As defined under the rule, a PHDO is “an order in writing issued by a court, commanding the Bureau of Immigration to prevent any attempt by a person suspected of a crime to depart from the Philippines which shall be issued ex-parte in cases involving crimes where the minimum of the penalty prescribed by law is at least six years and one day or when the offender is a foreigner regardless of the imposable penalty.”

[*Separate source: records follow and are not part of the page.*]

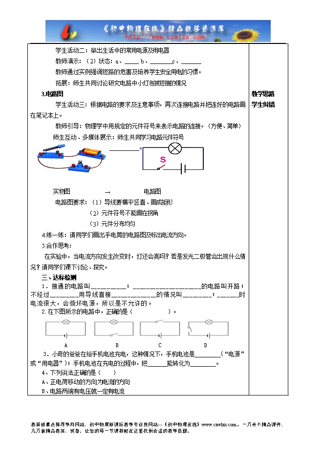 本节内容是这章的重点教学内容,由“电流、电路的构成、电路图和通路、断路、短路”四个部分组成。学习重点是会连接电路、会画电路图、能识别断路、通路、短路。学习难点是对电流概念的理解、对短路的理解和识别、让学生规范地画出电路图。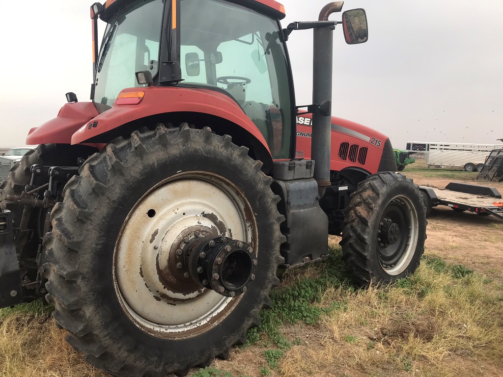 2009 Case IH 215 Magnum Tractor (LD1253), 215HP diesel engine, transmission, 4WD, 38 inch fronts, 50 inch rear, 3 pt hitch, 10 suitcase weights, air conditioning, heat, AM/FM radio, CD player, Bluetooth audio, auxiliary input, 380/80R38 front tires, 480/80R50 rear tires, shows 6,554 hours.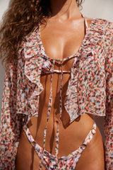 Our Nelly Ruffle Shirt is your new best friend for the summer. With its tie up details and floaty sleeves this shirt will be a staple on your vacation. Pair with our Nelly bikini for the ultimate floral vibe.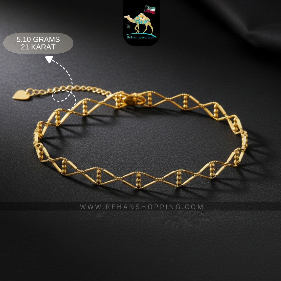 Embrace timeless elegance with this 21 Karat Gold Delicate Geometric Bracelet, weighing 5.10 grams. Designed with fine interconnected diamond-shaped links, this bracelet offers a lightweight yet luxurious look, perfect for both daily wear and special occasions.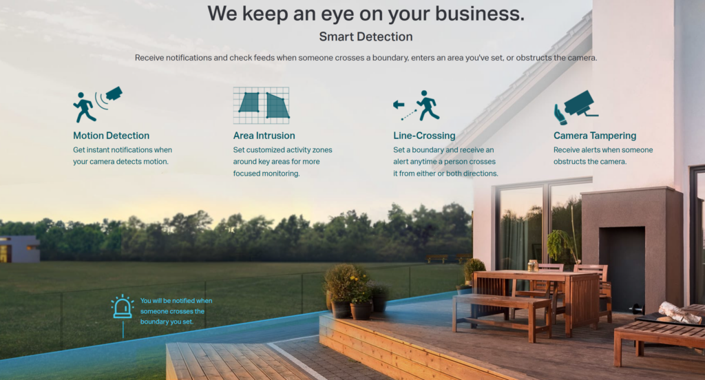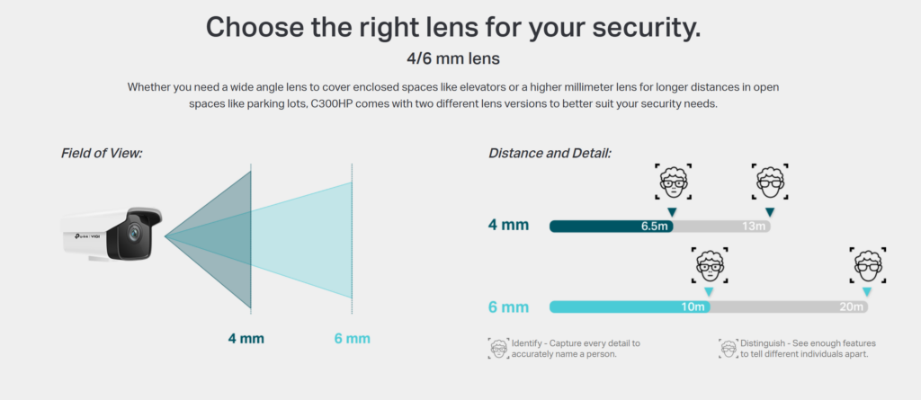 TP‑Link VIGI C300HP 6mm model features a 6mm fixed telephoto lens, providing a narrow 60° diagonal and 51.9° horizontal field of view. This makes it the ideal choice for monitoring perimeters, long driveways, parking lots, building entrances, and other areas where subjects are farther away and a wider lens would dilute detail. The camera’s advanced smart detection suite intelligently identifies line‑crossing and area intrusion events, filtering out false alarms and sending instant push notifications to your mobile device or NVR for immediate response.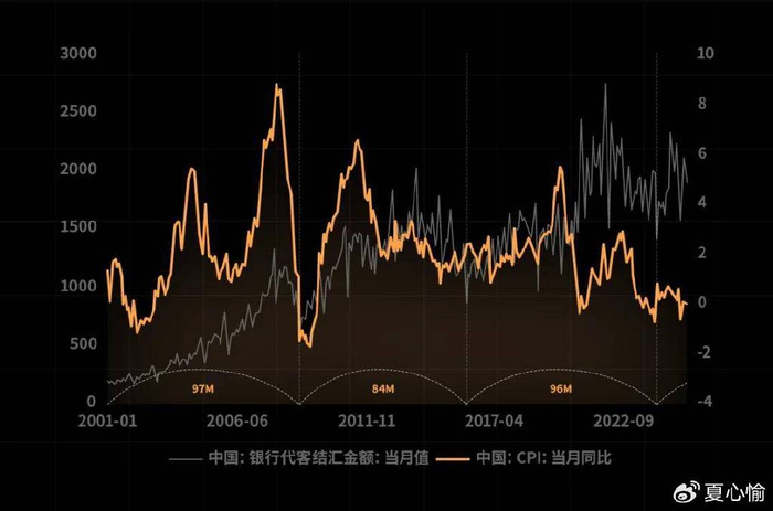 从宏观经济的角度看,对外贸易仍然主导了中国内部的经济周期。从2001年中国加入WTO(这非常重要)起,中国企业的对外结汇支撑起了内部消费需求的三轮显著周期。
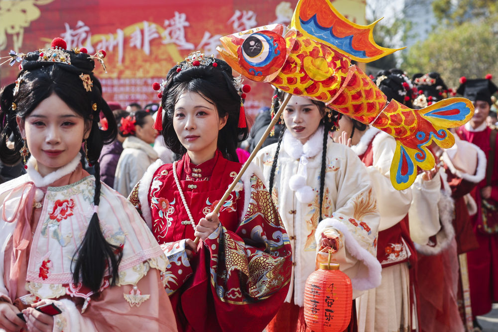 2024年12月31日,“宋韻思潮 尋跡匠心”杭州非遺年貨節在杭州市上城區望江街道日信國際廣場開市。(新華社記者 徐昱 攝)

The pertinent points of this new rule are the following: (a) the PHDO is applicable to crimes where the minimum penalty prescribed by law is at least six years and one day, or the offender is a foreigner regardless of the imposable penalty; (b) the PHDO may be issued ex parte, or without the knowledge and participation of the respondent(s); (c) the PHDO may be applied by a prosecutor with any regional trial court within whose territorial jurisdiction the alleged crime was committed, or for compelling reasons, with any regional trial court within the judicial region where the crime was committed if the place of the commission of the crime is known; (d) the PHDO may also be applied with the regional trial courts in the City of Manila, Quezon City, Cebu City, Iloilo City, Davao City and Cagayan de Oro City based on complaints instituted by the National Bureau of Investigation regardless where the alleged crime was committed; (e) the application by the investigating prosecutor shall be upon motion of the complainant and upon a preliminary determination of probable cause based on the complaint and attachments thereof; (f) the PHDO shall be issued upon personal determination by the judge, in whose court the application is filed, that probable cause exists, and there is a high probability that respondent will depart from the Philippines to evade arrest and prosecution of crime against him or her; (g) upon a finding of probable cause, the PHDO shall issue, and the judge shall direct the Bureau of Immigration to hold and prevent the departure of the respondent at any Philippine airport or ports; (h) the probable cause for the purpose of issuing the PHDO shall be without prejudice to the resolution of the investigating prosecutor of the criminal complaint; (i) the dismissal of the criminal complaint, however, may be used by the respondent as a ground for the lifting of the PHDO; and (j) the respondent may file a verified motion before the issuing court for the temporary lifting of the PHDO based on a meritorious ground and upon posting of a bond.
Verily, this new rule is a good development in our criminal prosecution system. At the heart of it is the need to balance the right to travel of the individual and the right of the State to prosecute offenses. As the saying goes, “one’s right ends when another’s right begins.” With the new rule, the striking of this balance is now left with the courts to determine.